After the settlement agreement was signed, Mr. Holland began a diligent effort to recoup his fees and costs from Defendant. (See Holland Letters dated Sept. 12, 2000, Sept. 29, 2000, Oct. 6, 2000, attached to Holland Aff. As Exs. E, G, H.) Defendant consistently rejected Plaintiffs' request for fees, on the grounds that they were not "prevailing parties" within the meaning of 20 U.S.C. § 1415, because the relief Plaintiffs obtained via mediation was no different than the relief they had been offered by the Board prior to the commencement of the due process proceeding. (See, e.g., Sept. 25, 2000 Tosti Let., Holland Aff. Ex. F.)

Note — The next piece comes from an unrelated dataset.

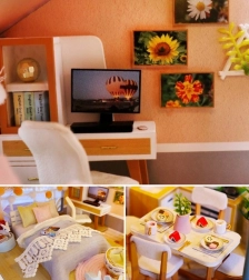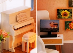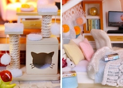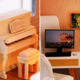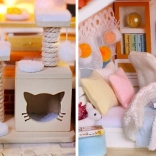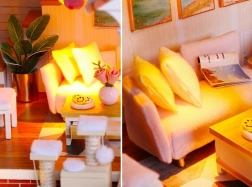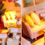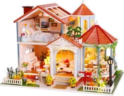Model je vyrobený z kombinácie drevena, papiera a látky, vďaka čomu pôsobí realisticky a kvalitne. Interiér zdobia miniatúrny nábytok a dekorácie, ktoré podčiarkujú atmosféru malého domova. LED svetlá (napájané 2× AAA, nie sú súčasťou) dodajú scenérii živost a večer vytvoria príjemnú náladu.
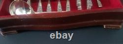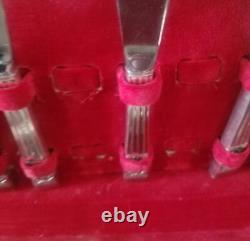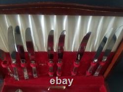 Tarnish Proof case has vintage wear on lining with 3 holder rings missing. Some vintage scratching on wood.

Given Defendant's repeated refusals to pay for Plaintiffs' legal fees, Plaintiffs commenced this action for attorneys' fees on October 24, 2000. Plaintiffs hope to recoup all of their legal expenses incurred to date (approximately $11,542.32 at last report), as well as Dr. Handleman's "expert witness fee" of $2,000.

Defendant argues that Plaintiffs are not entitled to recover any attorneys' fees, and are not entitled to recover Dr. Handleman's fee. Critical to Plaintiffs' motion for summary judgment (and in fact to this entire attorneys' fees action), are the events that occurred between July 7, 2000 (the date Defendants were sent Dr. Handleman's recommendations) and August 7, 2000 (the date Plaintiffs filed their Due Process Petition). According to Plaintiffs, during that period their efforts to informally resolve the matter failed, as evidenced by the fact that Defendant never made a written offer to settle the case, and never provided Plaintiffs with a revised IEP for the 2000-2001 school year.

Defendant paints a different picture. Mr. Tosti, Defendant's attorney, has represented to the Court that he spoke with Mr. Holland prior to the filing of the Petition for Due Process. (Tosti Aff. ¶ 4.) According to Mr. Tosti, he told Mr. Holland that Defendant intended to implement the programmatic changes set forth in the Dr. Handleman's report. (Id.) Specifically, Mr. Tosti "advised Mr. Holland that the Board, through its Child Study Team, was willing to implement the programmatic changes suggested by the parents' expert, Dr. Handleman, because the Team felt comfortable with these changes from an education standpoint, and wished to avoid having this dispute escalate into costly litigation." (Tosti Aff. ¶ 7.)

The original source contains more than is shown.